Confessions of a Wall Street Programmer

practical ideas (and perhaps some uncommon knowledge) on software architecture, design, construction and testing

Building clang on RedHat

clang is a great compiler, with a boatload of extremely helpful tools, including static analysis, run-time memory and data race analysis, and many others.  And it’s apparently pretty easy to get those benefits on one of the supported platforms – basically Ubuntu and Mac (via XCode).
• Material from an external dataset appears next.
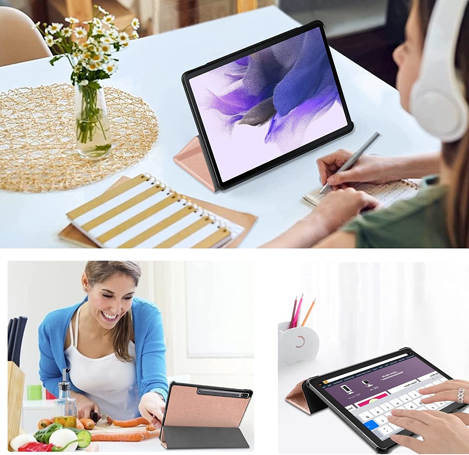 Hoes Geschikt voor Samsung Galaxy Tab S8 Plus hoes Book Case Smart Cover Rose Goud - Hoes Geschikt voor Samsung Galaxy Tab S8 Plus hoes - Hoes Geschikt voor Samsung Galaxy Tab S7 FE hoes bookcase - Tab S7 plus hoes Trifold hoes -Tablet Hoes 12.4 Inch
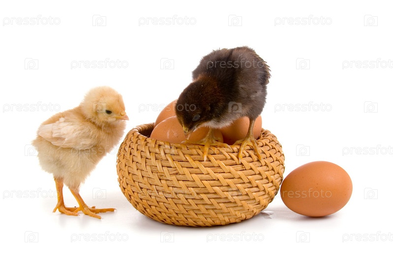 Цыплята и корзина яиц на белом фоне

That’s fine, but if you get paid to write software, there’s a good chance it’s going to be deployed on RedHat, or one of its variants.  And, getting clang working on RedHat is a huge pain in the neck.  The good news is that I did the dirty work for you (ouch!), so you don’t have to.

Bootstrapping the compiler

Like almost all compilers, clang is written in a high-level language (in this case C++), so building clang requires a host compiler to do the actual compilation.  On Linux this is almost always gcc, since it is ubiquitous on Linux machines.  

There’s a hitch, though – as of version 3.3 some parts of clang are written in C++11, so the compiler used to compile clang needs to support the C++11 standard.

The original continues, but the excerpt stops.